BEGIN
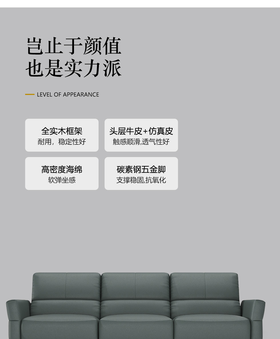 左右家居 现代简约 接触面头层牛皮+仿真皮+全实木框架+碳素钢五金脚 4A电动+4B(四人位)功能2.63米沙发1件商品搭配总价:
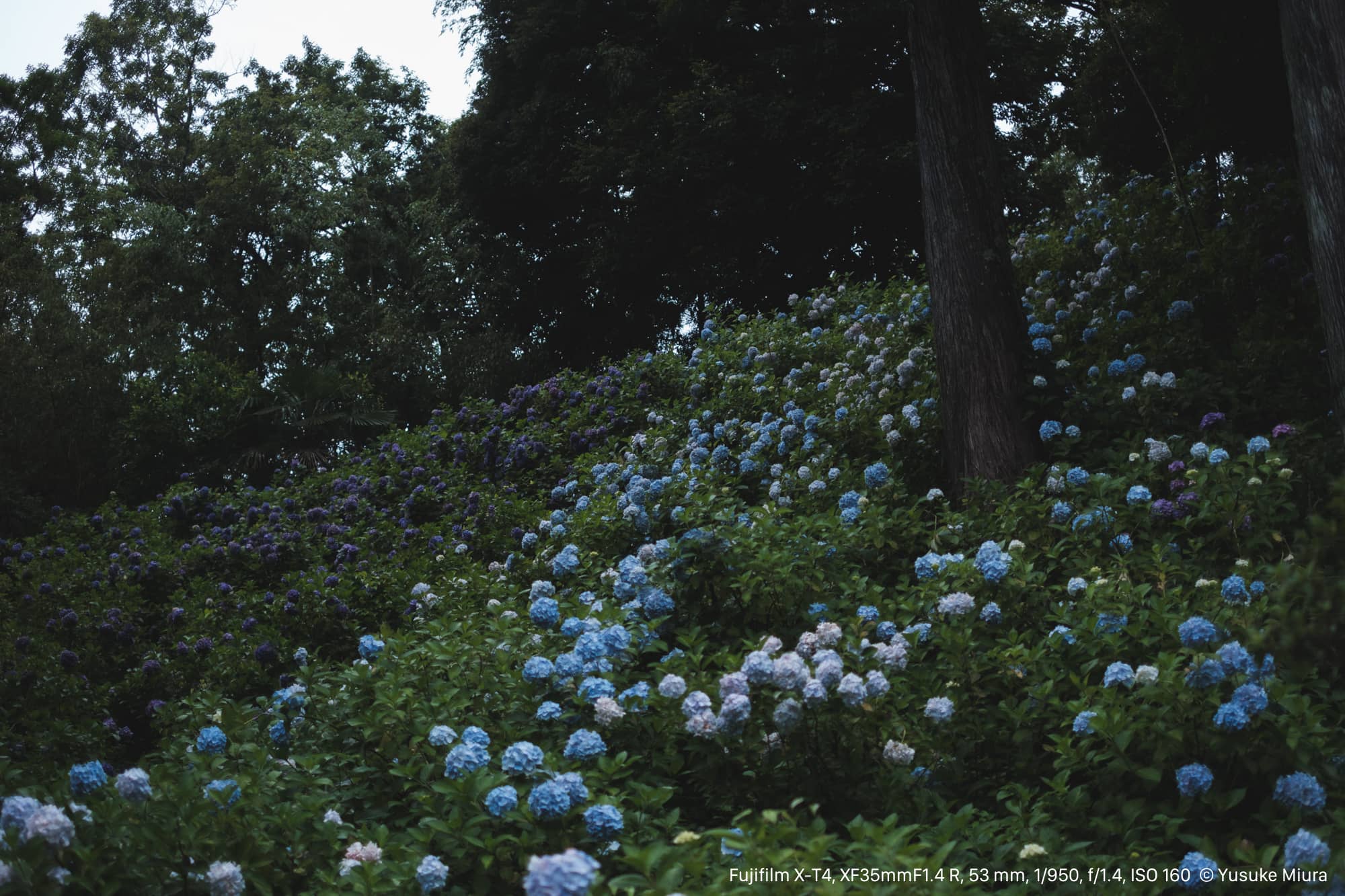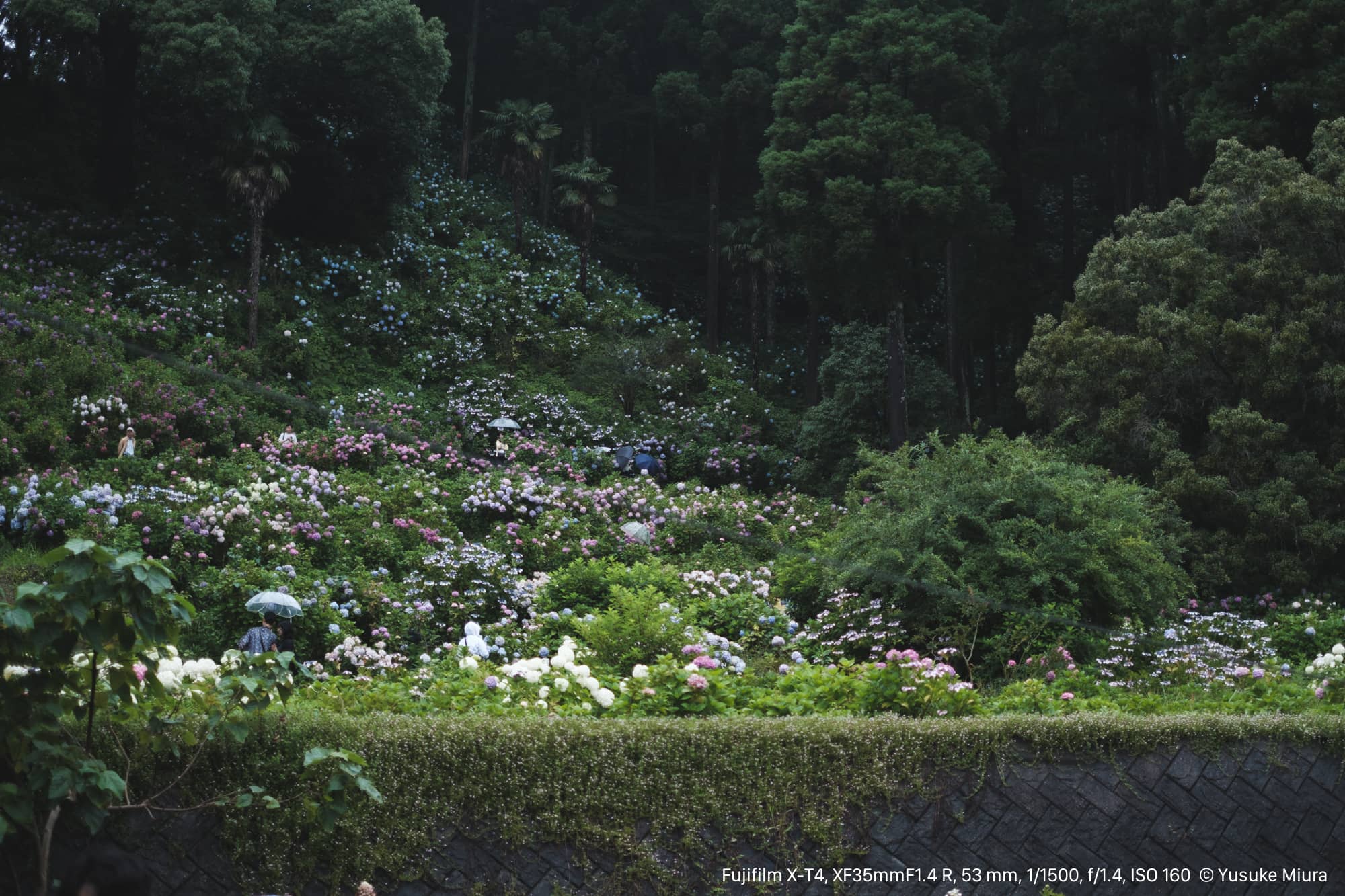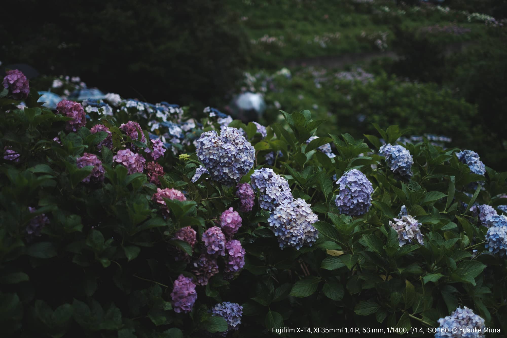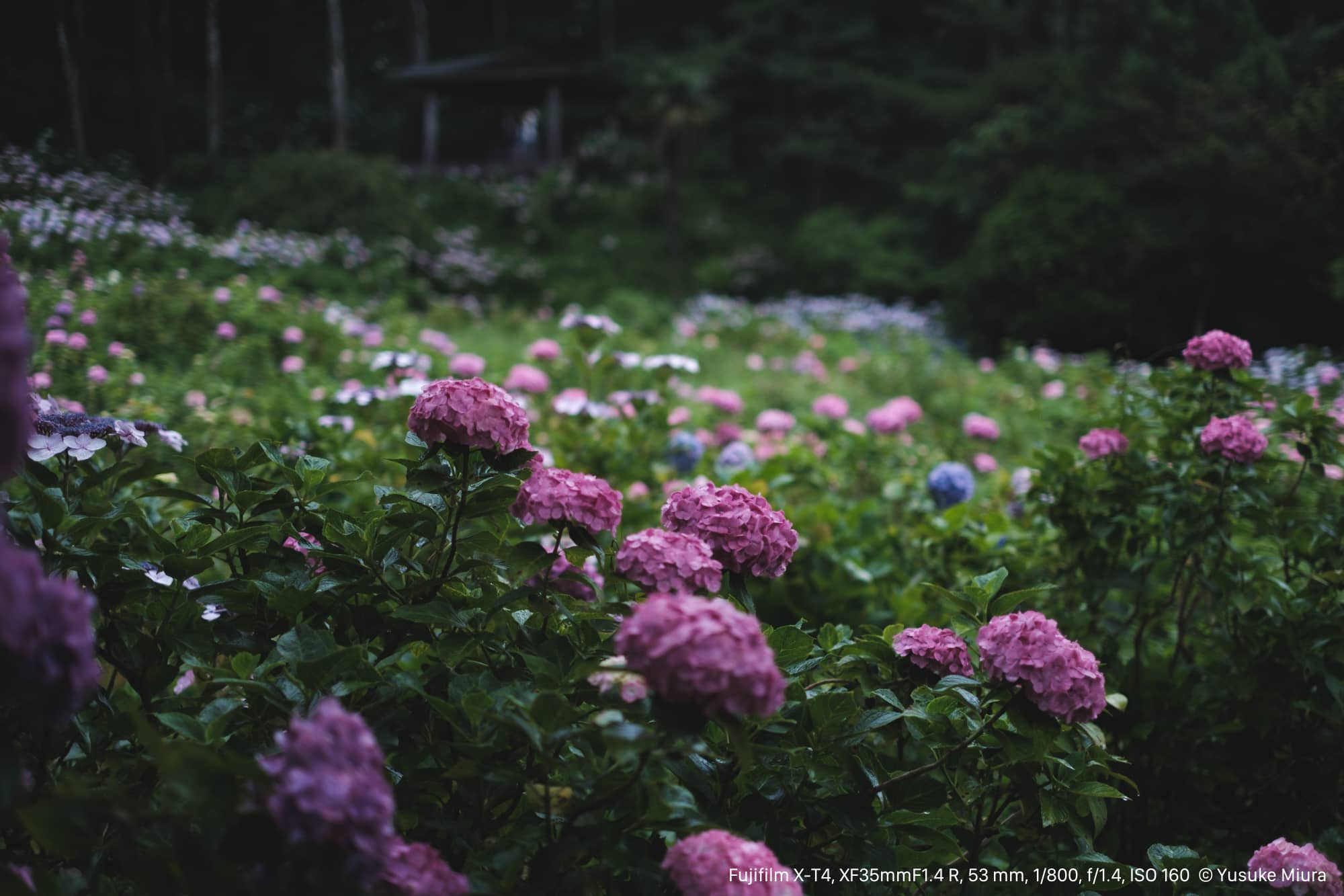 先日は雨の中、茂原にある「服部農園あじさい屋敷」に行ってきました。そこには何を思ったか防水でもないXF35mmF1.4 Rを持っていって写真を撮ってきたので、いくつか作例としてご紹介します。
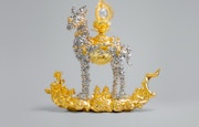 10周年を迎えた京都 ・伏見のスタジオ「Sandwich」を拠点に活動を続けている名和。今回の個展では、奈良国立博物館に収蔵されている14世紀に制作された《春日神鹿舎利厨子》へのオマージュとして、木彫漆箔仕上げの《Trans-Sacred Deer (g/p_cloud_agyo)》(2020、通称:雲鹿)を発表する。同作は、近年名和が取り組む、京都の伝統工芸復興プロジェクトの一環でもある。
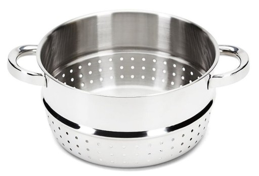 - Zawartość zestawu: 1 x parnik, 1 x Pokrywka, 2 x Garnek 26 cm, Metalowy zacisk, Silikonowy wężyk
END
* [Exercise directions]:
Word for word and without pictures, restate only the lines running from the one that contains "先日は雨の中、茂原にある「服" through the last line of the listing above.

* [Result of this exercise]:
 先日は雨の中、茂原にある「服部農園あじさい屋敷」に行ってきました。そこには何を思ったか防水でもないXF35mmF1.4 Rを持っていって写真を撮ってきたので、いくつか作例としてご紹介します。
 10周年を迎えた京都 ・伏見のスタジオ「Sandwich」を拠点に活動を続けている名和。今回の個展では、奈良国立博物館に収蔵されている14世紀に制作された《春日神鹿舎利厨子》へのオマージュとして、木彫漆箔仕上げの《Trans-Sacred Deer (g/p_cloud_agyo)》(2020、通称:雲鹿)を発表する。同作は、近年名和が取り組む、京都の伝統工芸復興プロジェクトの一環でもある。
 - Zawartość zestawu: 1 x parnik, 1 x Pokrywka, 2 x Garnek 26 cm, Metalowy zacisk, Silikonowy wężyk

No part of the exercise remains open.